Records from a collection:
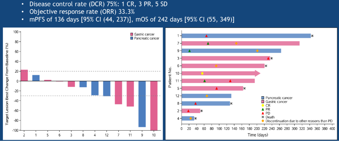 CAR-Claudin18.2 T 细胞治疗胃癌/胰腺癌的临床数据更新显示,靶向claudin18.2 CAR T细胞治疗12例转移性腺癌(胃癌7例,胰腺癌5例),未发生严重不良事件、治疗相关死亡或严重神经毒性。
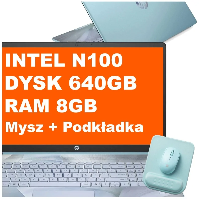 Laptop HP 17-cn3165ds / BS6W6UA / Intel N100 / 8GB / 640GB / Intel UHD / HD+ / Mysz / Podkładka / Win 11 / Niebieski
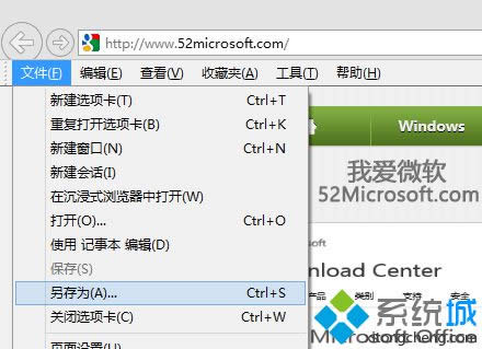 2、或者也可以不顯示菜單欄,點擊IE瀏覽器窗口右上角的齒輪狀“工具”圖標,在彈出的菜單中點擊“文件”菜單下的“另存為”; 3、這時會彈出“保存網(wǎng)頁”對話窗口;
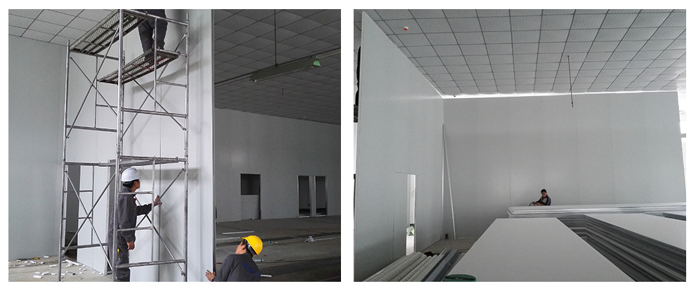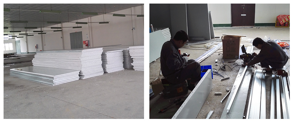 正在安装彩钢板隔断,左图工人正在认真安装,右图为已经安装好的效果图
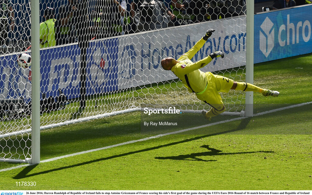 26 June 2016; Darren Randolph of Republic of Ireland fails to stop Antoine Griezmann of France scoring his side's first goal of the game during the UEFA Euro 2016 Round of 16 match between France and Republic of Ireland at Stade des Lumieres in Lyon, France. Photo by Ray McManus/Sportsfile
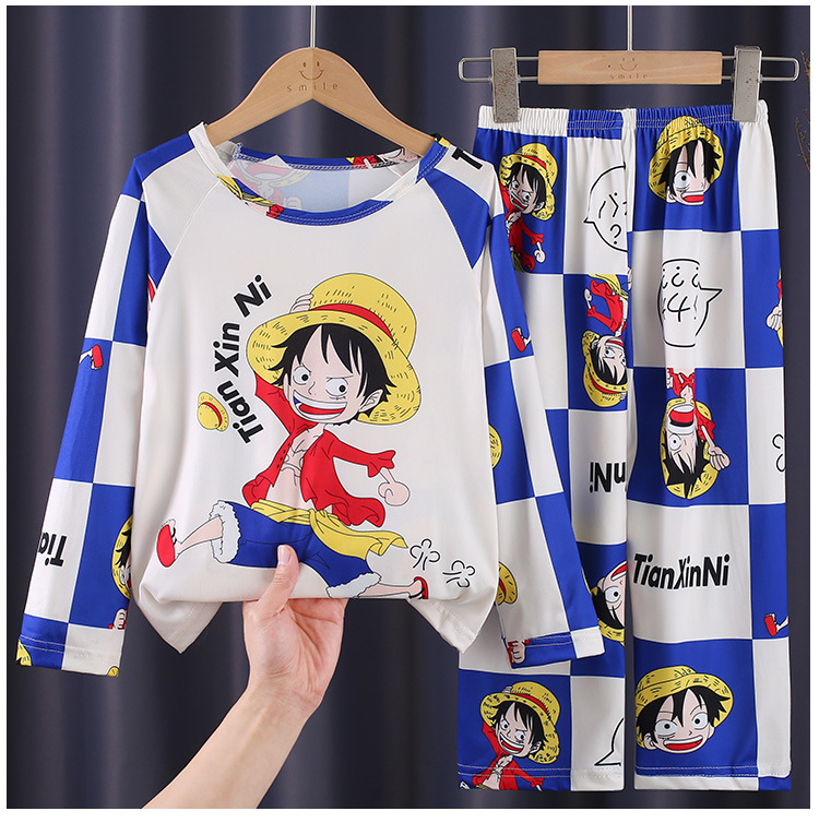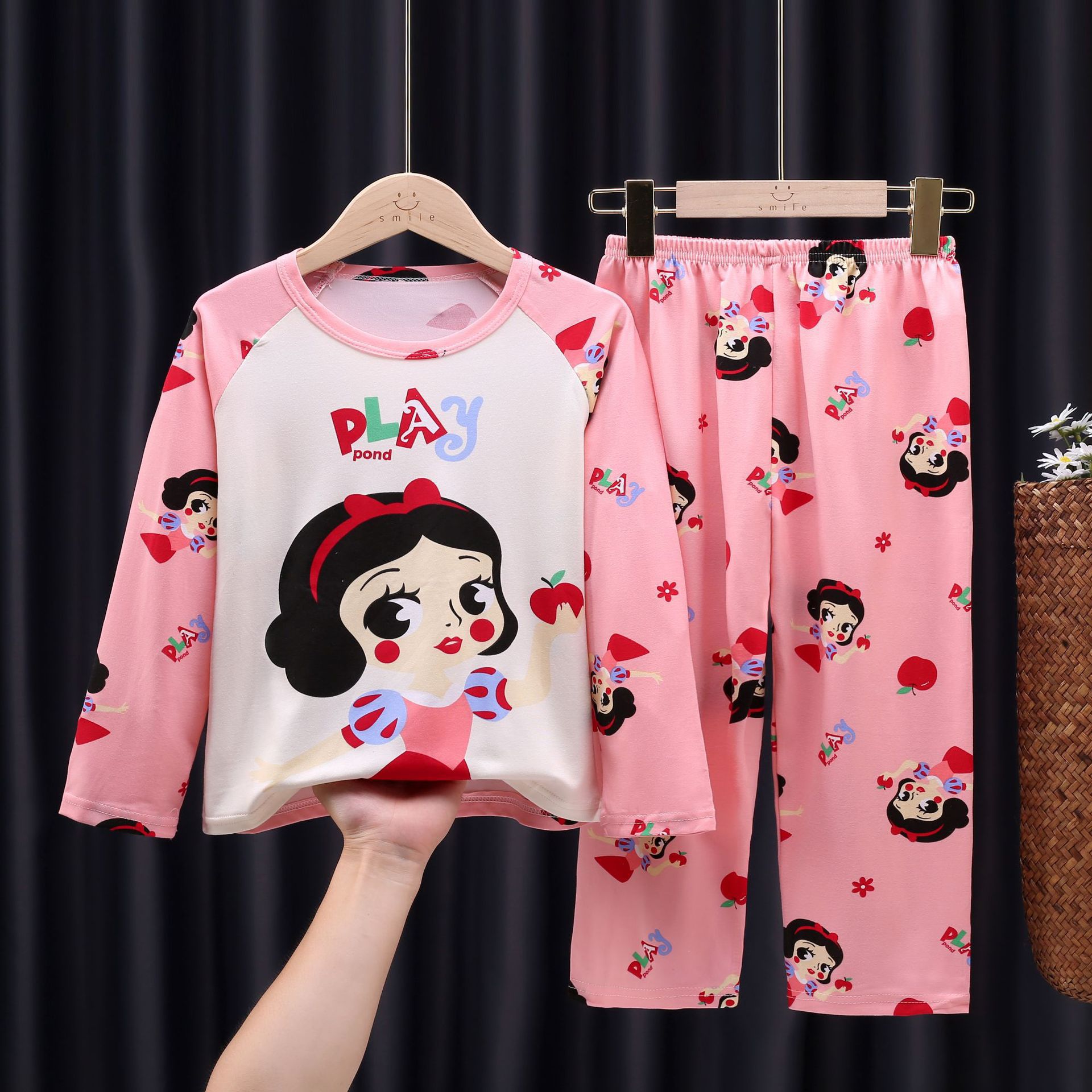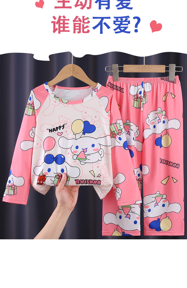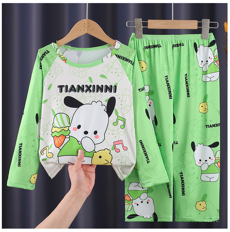 소년 소녀를위한 봄과 가을 어린이 잠옷 얇은 소년과 소녀 에어컨 옷 만화 긴 소매 중 큰 어린이 가정 옷

The problem
Pictures excluded, output exactly the line that contains "2、或者也可以不顯示菜單欄,點擊IE瀏覽" and every line after it to the end of the data above.

Solution to this task
 2、或者也可以不顯示菜單欄,點擊IE瀏覽器窗口右上角的齒輪狀“工具”圖標,在彈出的菜單中點擊“文件”菜單下的“另存為”; 3、這時會彈出“保存網(wǎng)頁”對話窗口;
 正在安装彩钢板隔断,左图工人正在认真安装,右图为已经安装好的效果图
 26 June 2016; Darren Randolph of Republic of Ireland fails to stop Antoine Griezmann of France scoring his side's first goal of the game during the UEFA Euro 2016 Round of 16 match between France and Republic of Ireland at Stade des Lumieres in Lyon, France. Photo by Ray McManus/Sportsfile
 소년 소녀를위한 봄과 가을 어린이 잠옷 얇은 소년과 소녀 에어컨 옷 만화 긴 소매 중 큰 어린이 가정 옷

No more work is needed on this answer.